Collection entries
┄┄┄┄┄┄

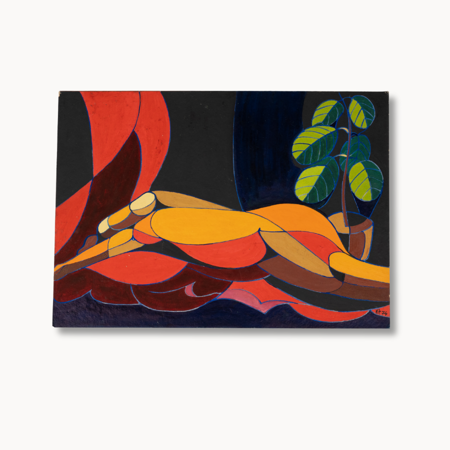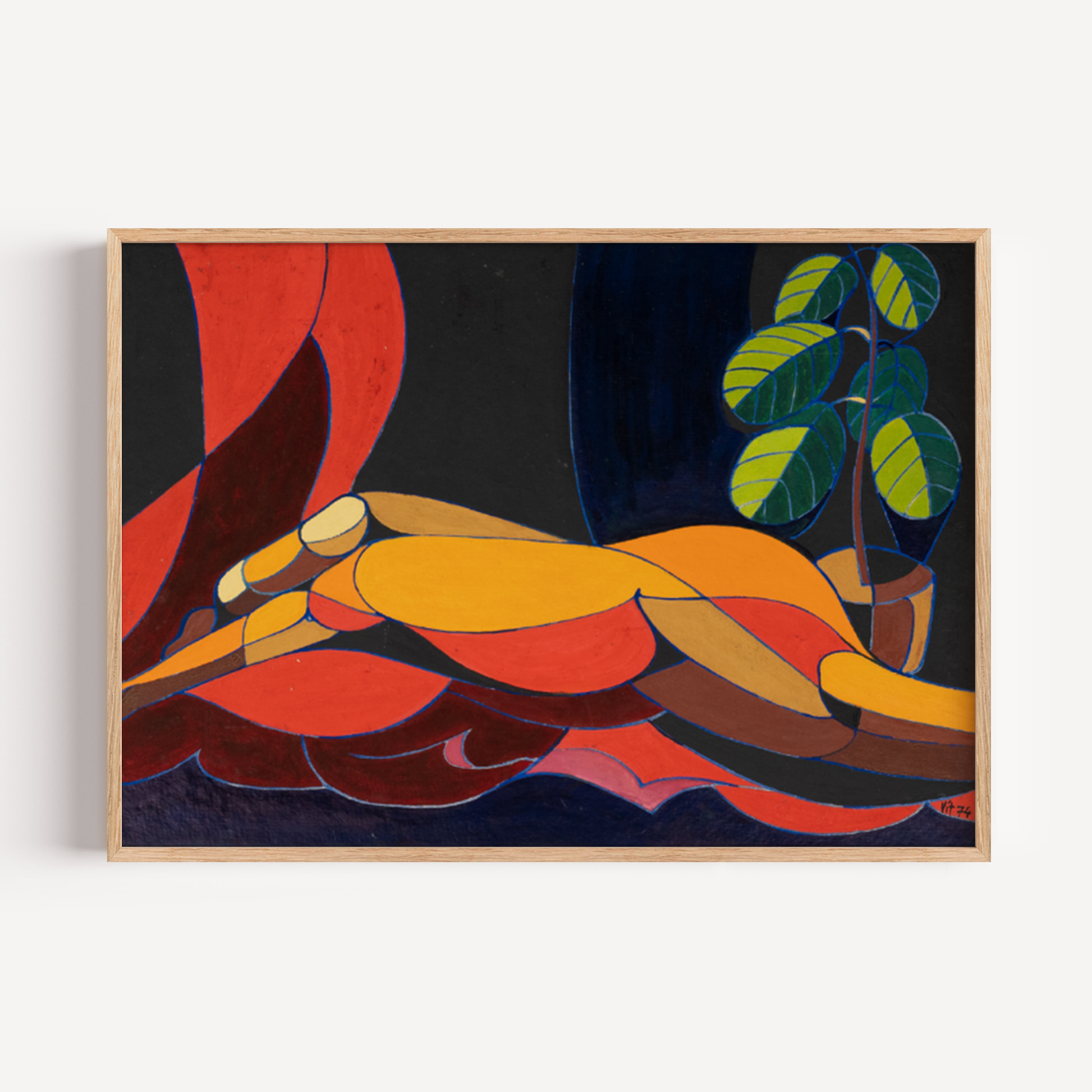Strikingly minimal yet powerful, “Primal Form” by Vitek explores the essence of human connection through bold, fluid shapes and a rich, warm palette. The reclining figure, rendered in golden tones against deep crimson and obsidian hues, evokes both raw emotion and timeless elegance. Subtle botanical elements soften the composition, creating a balance between strength and serenity. A commanding piece for collectors drawn to abstract works with visceral impact and refined modernity
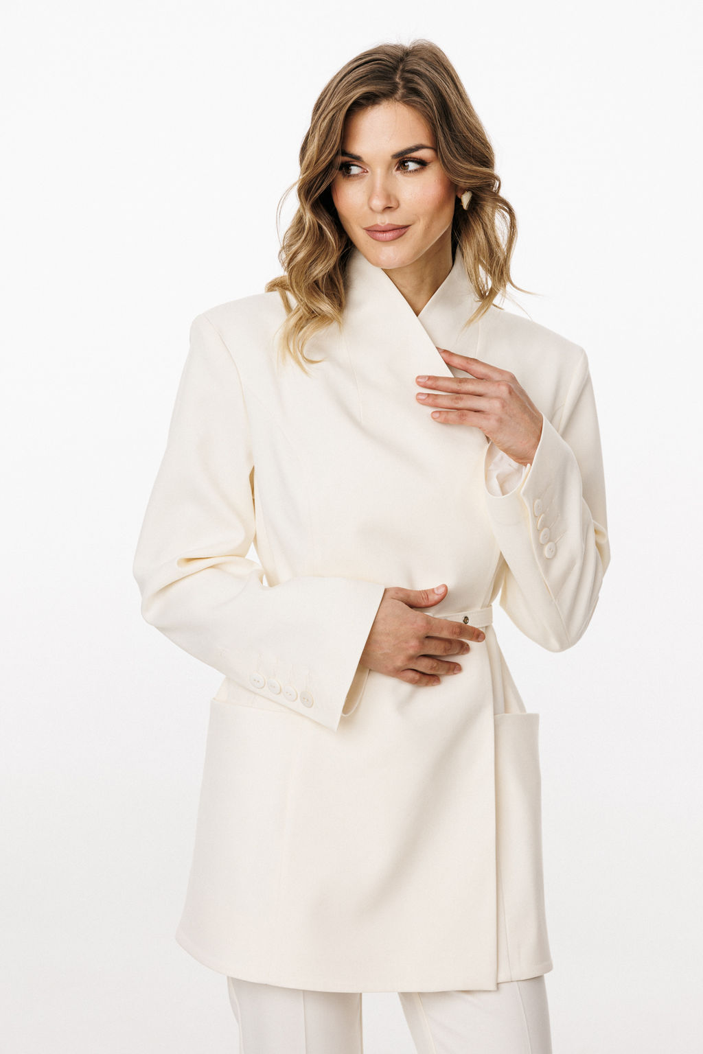 Жакет выполнен из костюмной ткани. Жакет К-образного силуэта, длиной ниже линии бедер. По переду обработаны рельефы от проймы до низа, талиевые вытачки, горизонтальные подрезы, переходящие на спинку, в которых обработаны карманы, двубортная застёжка на два ряда пришивных кнопок. На спинке обработаны две пары рельефов от проймы до низа. Жакет с плечевыми накладками, плечевой шов удлинен.
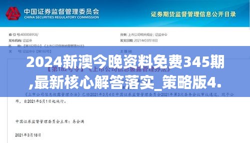 澳门特别行政区政府持续致力于提高政策透明度,确保市民能够轻松获取最新的政策信息。在此,我们将详细介绍“2024新澳今晚资料免费345期,最新核心解答落实_策略版4.607”,这是一项旨在加强政策执行和居民沟通的新政策文件。
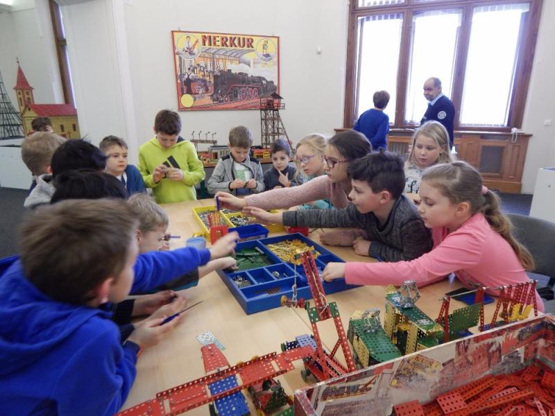 Celé druhé patro ŠD v Ruské ulici a některá oddělení ze ŠD Slovanská se postupně vypravila do Západočeského muzea v Plzni na zajímavou výstavu exponátů sestavených ze stavebnice Merkur.
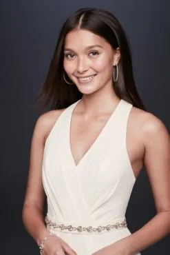 A chic look for a modern wedding or any wedding event, this flattering draped crepe jumpsuit features a crystal-embellished rose gold belt and a sleek, angular racerback.
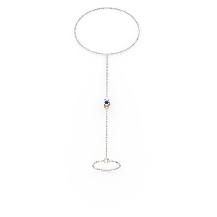 Lab safir 18 ayar rose altın bilezik (40 cm beyaz altın rolo zincir)
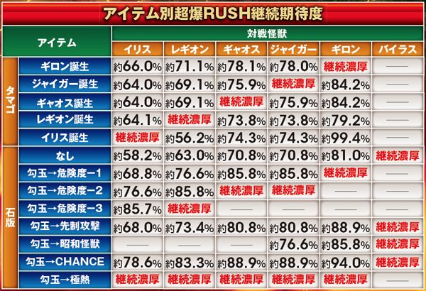 爆闘BONUS・アイテム別超爆RUSH継続期待度
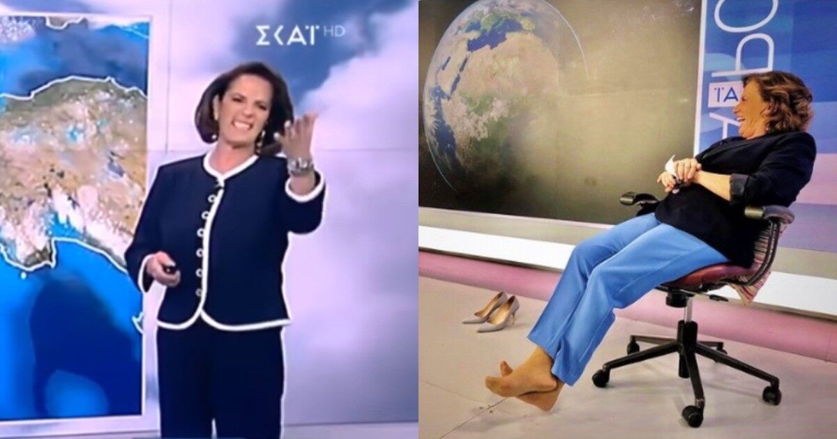 Αυτή τη φορά, όμως, η μετεωρολόγος του ΣΚΑΙ δημοσίευσε μια μοναδική φωτογραφία από το πλατό των ειδήσεων, στην οποία κάθεται αναπαυτικά στην καρέκλα πριν την έναρξη του νοηματικού δελτίου και έχει ήδη γίνει viral, αφού έχει βγάλει τα παπούτσια της.
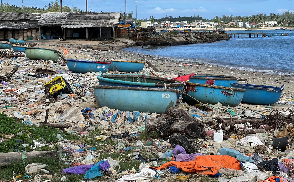 Rác thải giăng kín quanh các phương tiện hành nghề của ngư dân chuyên đánh bắt gần bờ.
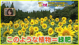 そこでヒマワリを植えれば、残っている肥料を吸収してくれるのです。ヒマワリは花が枯れ種ができる前に、すべて粉砕し、土の中に混ぜ込んで肥料にします。こういうヒマワリのような植物を「緑肥」と言い土の中に混ぜた後は、ゆっくりと分解されるので肥料の成分が地下水へ流れ込みにくいのです。使った肥料で余った分をヒマワリに吸収させ再利用するのです。このような循環型の農業こそ松村先生の専門なのです。
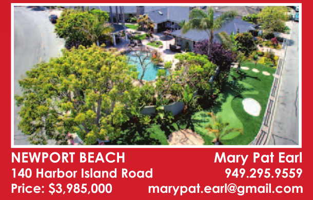 NEWPORT BEACH Mary Pat Earl 140 Harbor Island Road 949.295.9559 Price: $3,985,000 marypat.earl@gmail.com
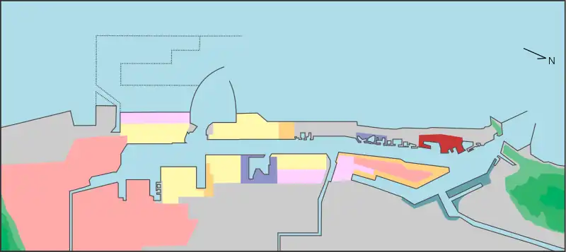 = Industry Area;   = Container Docks;   = Bulk and Sundry Goods Docks;   = Warehouse Exchange Area;   = Fishery Harbor;   = Commercial Area;   = Naval Base
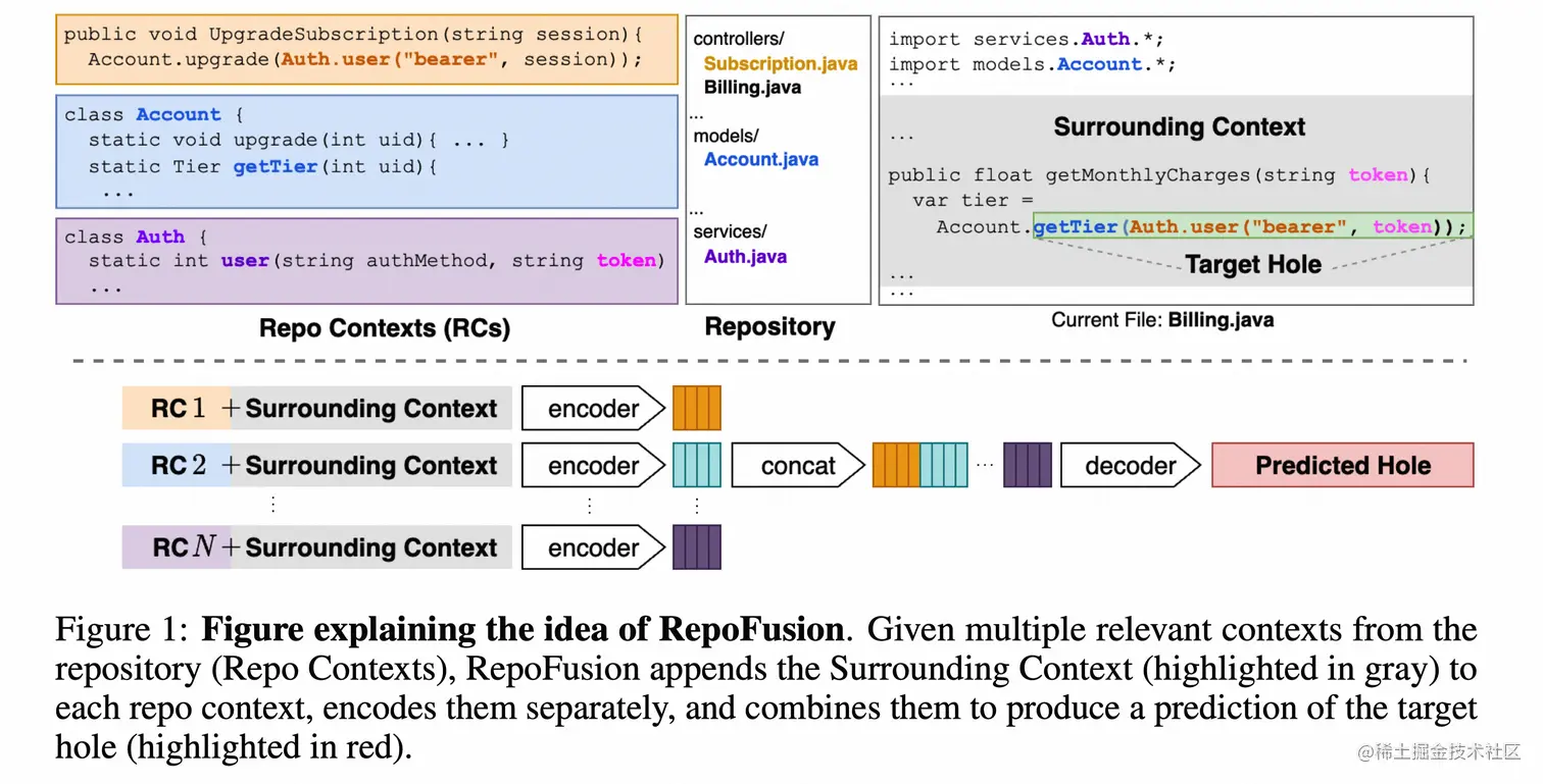 现如今大型语言模型(LLMs)在编码助手中变得越来越受欢迎,但是它们往往难以理解代码存储库中的上下文,并因此会产生不准确的代码完成。为了解决这一问题,该论文提出了一个叫做RepoFusion的框架,以在模型训练中整合相关的存储库上下文。实验表明,使用存储库上下文训练的模型性能明显优于其他较大的代码模型。此外,该论文还发布了一个包含Java存储库的数据集,并提供了代码和训练好的检查点。在具体实现方面,论文使用了Fusion-in-Decoder架构来将存储库上下文(Repo Context,RC)组合起来,以生成更准确和上下文感知的代码完成。下图1展示了1个例子,其中补全任务就是根据Surrounding Context来预测Target Hole。

┄┄┄┄┄┄

Your task is to copy only the lines above starting at the one containing "Жакет выполнен из" and ending at the one containing "Celé druhé patro". Copy them exactly, both ends included, and omit the pictures.

 Жакет выполнен из костюмной ткани. Жакет К-образного силуэта, длиной ниже линии бедер. По переду обработаны рельефы от проймы до низа, талиевые вытачки, горизонтальные подрезы, переходящие на спинку, в которых обработаны карманы, двубортная застёжка на два ряда пришивных кнопок. На спинке обработаны две пары рельефов от проймы до низа. Жакет с плечевыми накладками, плечевой шов удлинен.
 澳门特别行政区政府持续致力于提高政策透明度,确保市民能够轻松获取最新的政策信息。在此,我们将详细介绍“2024新澳今晚资料免费345期,最新核心解答落实_策略版4.607”,这是一项旨在加强政策执行和居民沟通的新政策文件。
 Celé druhé patro ŠD v Ruské ulici a některá oddělení ze ŠD Slovanská se postupně vypravila do Západočeského muzea v Plzni na zajímavou výstavu exponátů sestavených ze stavebnice Merkur.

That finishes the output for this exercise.